Monday, August 23, 2010

to stand...

Among the many sayings ubiquitous in AA (and elsewhere) is "Let Go and Let God."  Like most sayings, its meaning to any individual person at any given time may change.  It came to my mind this morning reading George Putnam's Sermon, "CHRISTIAN MANLINESS-DOING AND STANDING." (manliness would, of course, in this context have been a non-gender virtue...)

"And having done all, to stand." — Ephesians vi. 13.

We have presented here, in the text, one phase, and that a most comprehensive one, of the manly character, according to his conception of it. We will hold it up to our own view a while, if possibly by the contemplation of it we may rise up and grow into a better appreciation of it.

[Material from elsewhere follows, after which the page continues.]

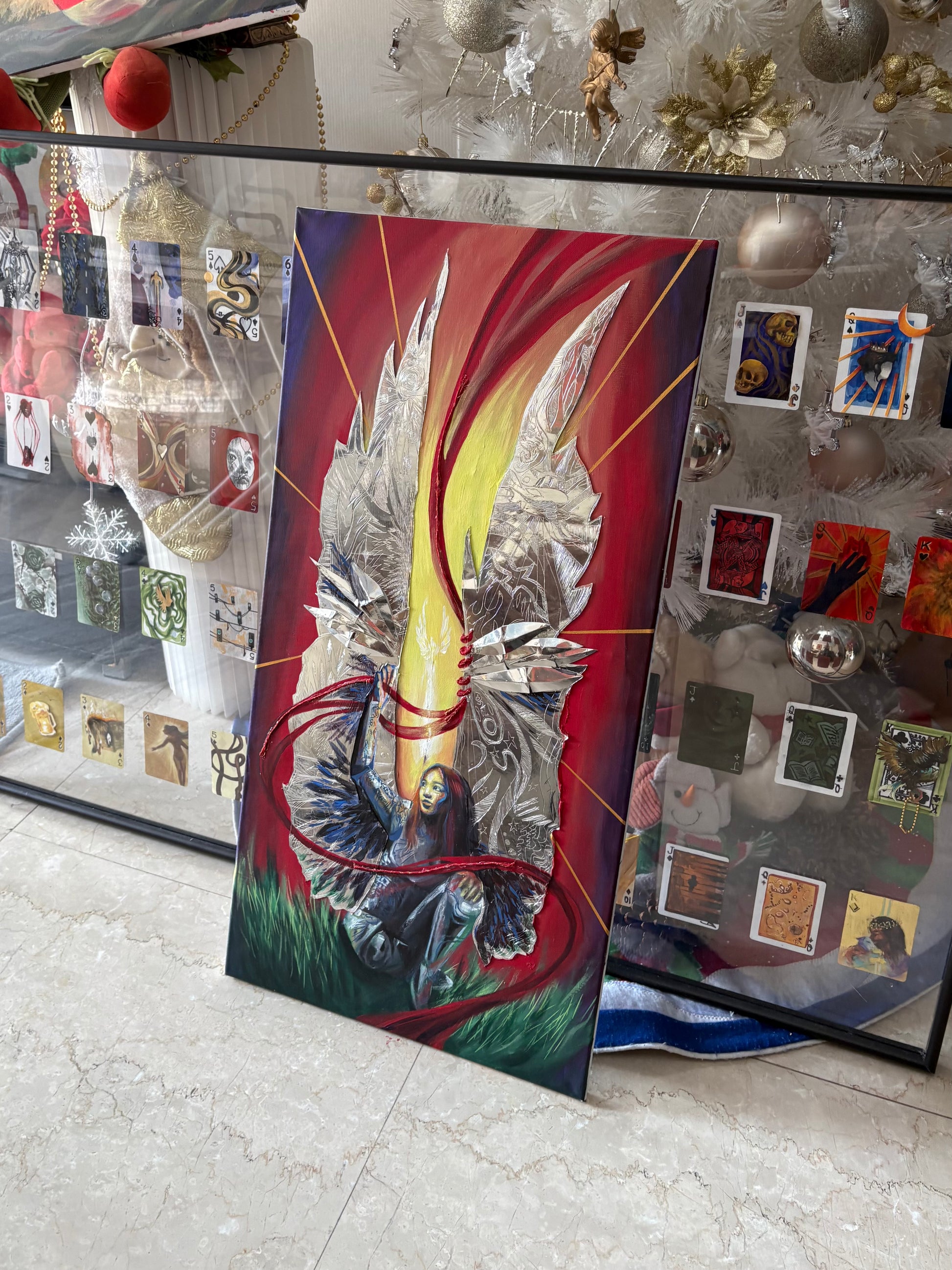 "Stitches of Refinery" captures an intimate 19th birthday portrait adorned with ethereal metal wings and delicate stitched details—a powerful symbol of transformation and self-discovery within her Creator. Each print showcases the artist's signature blend of portraiture and mixed-media elements, creating a piece that resonates with anyone marking a significant life transition. Perfect for personal reflection or as a meaningful gift, this artwork transforms any space into a gallery of growth and resilience.

Having done all, to stand. Putting these words into a fitting paraphrase, the Apostle seems to say to us : Do your best in any matter which you have to do with, and then calmly abide the issue. Use your best faculties and your best light, to get at the truth in matters that concern you, and having done that in all diligence and good faith, respect your own convictions, declare them boldly, and abide by them firmly. Do your whole duty in any exigency, and then keep yourself clear of all nervous anxiety about the consequences. Perform your part in any work that falls to you, and tranquilly leave the rest to God. Secure a good conscience, make as sure as you can of the right, and having secured that, plant yourself on it, take your stand upon it, set down your foot and hold up your head, unconcerned as to what may come of it,—unmoved, unshaken, come of it what will. This is the interpretation of the text, and if we consider it well, and make full application of it to actual life, I do not see but it exhibits pretty fully the style of manliness that we would cultivate and acquire. We do not always analyze it, or name it, but we do always render homage to it when we see it; we feel the dignity of it, and see that it constitutes a grand superiority among men, makes a man verily a man, and that is a great character to attain to, and a rare one, too, in its completeness. We see nothing better than approximations to it, falling short of our idea, indeed, yet complete and noble enough to inspire reverence and excite emulation."